Local and global conformational plasticity of the HPV-16 E2 DNA binding domain,

NADRA, A.D., ELISEO, T., PRAT GAY, G. DE, PACI, M. AND CICERO, D.O.

Alghero, Italy. September 21-24, 2004

Congreso; XXXIV National Congress on Magnetic Resonance; 2004

GIDRM

LOCAL AND GLOBAL CONFORMATIONAL PLASTICITY OF THE HPV-16 E2 DNA BINDING DOMAIN Alejandro D. Nadra‡, Tommaso Eliseo†, Diego U. Ferreiro‡, Maurizio Paci†, Gonzalo de Prat-Gay‡ and Daniel O. Cicero† ‡ Instituto Leloir - Inst. de Investigaciones Bioquímicas, FCEyN-UBA and CONICET, Argentina. †Dipartimento di Chimica, Università di Roma “La Sapienza”, Rome, Italy. E-mail: anadra@leloir.org.ar Gene transcription in papillomavirus is controlled by the E2 protein. We analyzed the structure and dynamics of the high risk strain HPV16 DNA E2 binding domain as a prototypic case. Using NOE constrains and residual dipolar couplings (RDC), we have obtained a high resolution structure and were able to address several issues related to folding and functional particularities of this unique fold.

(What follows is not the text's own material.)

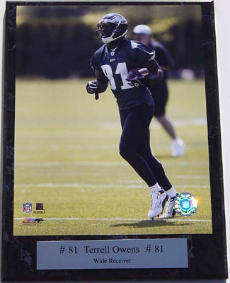 Terrell Owens Photograph Nested on a 9"x12" Plaque - Terrell Owens 9" x 12" Plaque. This Wonderful Memorabilia Comes to You Ready to Hang on Your Wall (All You Need Is a Nail). This Is an Absolutely Gorgeous Piece of Memorabilia That Would Look Truly Spectacular in Your Home, Business, or Office. Impress Your Friends, Family, Employees, Colleagues and Business Associates with This Stunning Piece of Memorabilia Hanging on Your Wall. What a Great Collectors Item!!!

Despite being a highly stable and cooperatively folded dimer (DG ~12.0 kcal/mol), exchange measurements show that over 90% of the protons are exchanged after 12 hrs. Careful backbone dynamics measurements indicated that the flexibility of the DNA recognition helix is particularly high for its N-cap residues. The few residues that remain unexchanged after 24 hrs are I286 and V287 of b-strand 1, I330 and L333 of b-strand 3 and residues N343 and F344 of a-helix 2, and these long range interactions are critical for the overall stability of the fold. Thus, the recognition helix, far from being disordered as found in several transcriptional regulatory domains, acts as a structural hinge, providing an overall plasticity with a stable b-barrel architecture. This plasticity provides potential regulatory conformational changes in regions far from the DNA recognition interface, an essential necessary role in these and other transcriptional regulators. In addition, we have completely assigned the backbone of the HPV16 E2C domain bound to a 18mer DNA duplex containing the specific E2 recognition site. The perturbation of backbone chemical shifts is small, except for the residues in the major DNA binding helix and adjacent residues, and a in the b2-b3 loop. Backbone amide exchange rate shows a larger overall protection but most notably in the DNA binding helix. The C-terminus located oppostite to the DNA binding helix and locking the central b-barrel interface with crytical H-bonds, becomes more protected, supporting a role of these interactions in DNA bending. These results suggest that the overall plasticity of the fold is not restricted to the DNA binding interface.